Murmullos de animal acuático, de mamífero anfibio, sorber de mocos, hipos, regurgitar de salivas, ingurgitar de salivas recogidas con ruido de succión, pasar de salivas por la garganta con un fragor de
rápidos, de rompientes.
Hundir el brazo hasta el codo en la caverna de su sexo aborrecido, descuajar de un tirón las vísceras azules, arrancar la matriz con todos sus tentáculos de carne, con todas sus raíces y todos sus apéndices, sus cuellos vivos que vomitan sangre, sus bolsas membranosas, sus ovarios, sus trompas de Falopio, sus cuernos movedizos, retráctiles, viscosos, erizados de ventosas redondas que se despegan de los dedos con un ruido de besos, desgarrar sus tejidos resbalosos, clavar las uñas en la mucosa púrpura, sentir que se desgranan los collares de óvulos traslúcidos como huevos de rana, que se enroscan las lenguas, los goteantes canales desgajados, las mangueras de piel morada y áspera, relucientes, tapizadas de nácar, presionar con las yemas de los dedos para hacer estallar las pequeñas vejigas hechas de gelatina, el ciego caracol del clítoris, los ramilletes vibrátiles de nervios, las excrecencias rosas, escurridizas, las múltiples cabezas tumefactas, los nudosos muñones escarlatas, lustrosos, lubricados por jugos pegajosos y tibios que escurren por la muñeca y por el antebrazo, que gotean desde el codo: dejar que se retuerzan en el puño como una masa viva de serpientes. Y de un seco tirón voltear el sangriento despojo como un guante, como se mata un pulpo.
El jardín era verde, entre el follaje de los árboles se filtraban anchas cintas de sol, charcos de luz en el prado cortado, en los macizos de flores.
- ¡Leonor! -reprochó monseñor Boterito Jaramillo con voz cavernosa. Parecía que se le fuera a rasgar lagarganta de un momento a otro. Escobar se esforzaba por no carraspear involuntariamente, como si el canceroso fuera él.
- En latín, claro -siguió doña Leonor. Y le explicó a Escobar: - Tú sabes que monseñor
Boterito me consiguió una dispensa especial del Papa para oír misa en latín. En español me suena de una ordinariez...
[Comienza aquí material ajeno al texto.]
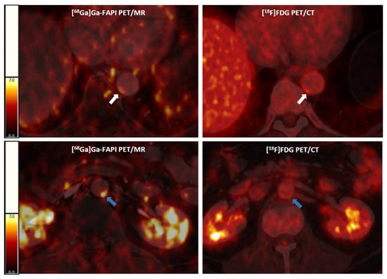 Background: Cardiovascular disease (CVD), driven primarily by atherosclerosis, is a major cause of morbidity and mortality among cancer patients. This study aims to evaluate the diagnostic value of [68Ga]Ga-FAPI-PET as a novel molecular imaging tool for atherosclerosis, compared with established, non-specific [18F]FDG. Methods: We retrospectively analyzed twenty patients with bladder cancer who underwent [68Ga]Ga-FAPI positron-emission tomography/magnetic resonance (PET/MR) and [18F]FDG positron emission tomography/computed tomography (PET/CT) at staging. The target-to-background ratio (TBRs) of both tracers were assessed along six arterial segments, and uptake patterns were compared between the two radiotracers. Additionally, associations between the intensity of PET-active lesions and certain CVD risk factors, as well as the intake of acetylsalicylic acid (ASA), were evaluated. Results: [68Ga]Ga-FAPI detects significantly more active arterial PET lesions and shows significantly higher uptake than [18F]FDG in the per-lesion analysis (TBRFAPI: 1.7 ± 0.5 vs. TBRFDG: 1.4 ± 0.2; difference 19%; p < 0.001) and in the patient-based analysis (TBRFAPI: 1.7 ± 0.4 vs. TBRFDG: 1.4 ± 0.2; difference 19%; p = 0.018). Arterial hypertension (p < 0.001), dyslipidemia (p < 0.001), and particularly type 2 diabetes mellitus (p < 0.001; difference 34%), were significantly associated with elevated [68Ga]Ga-FAPI expression compared to [18F]FDG uptake. ASA therapy was associated with a significant reduction in arterial [68Ga]Ga-FAPI expression than [18F]FDG (p = 0.02). Conclusions: [68Ga]Ga-FAPI-PET imaging, demonstrating superior detection of atherosclerotic activity compared to [18F]FDG, might be a promising molecular imaging marker for atherosclerosis.

¿Qué hacía él ahí, a dónde se dejaba llevar, en ancas de esa moto como una doncella rescatada? A lo mejor tenía razón Ana María: todo le daba igual: cabalgar en moto rumbo a lo desconocido, ensordecido por el viento, o cenar en casa de su madre con monseñor Botero Jaramillo. La misma aceptación, la misma falta de entusiasmo. Inerte. Disponible. Libre como el viento. Como una piedra. Libre o inerte, daba lo mismo.
- Ya le dije: deje de hacer metáforas.
Federico tenía los ojos rojos de sangre.
- Hacer metáforas es mejor que hacer cosas. Se cansa uno menos, y se gana tiempo, y al final da lo mismo.
Aunque en realidad yo no creo que hacer o no hacer cosas sea ni malo ni bueno. Esos son juicios morales, y yo creo que en el fondo se trata solamente de un fenómeno glandular, de secreciones internas, de pituitaria, de tiroides. A usted le funciona mucho el sistema endocrino y está siempre agitándose como un perrito, quemando energía, moviéndose, brincando, mordiendo muebles, manos, orinando en el piso. Yo soy como una planta tranquila en su maceta, sin molestar a nadie, dedicada a placeres inocentes como la transmutación de la luz en color, que es tan difícil, del aire en flores...
-cómo se llama eso: la diálisis, la heliofilización.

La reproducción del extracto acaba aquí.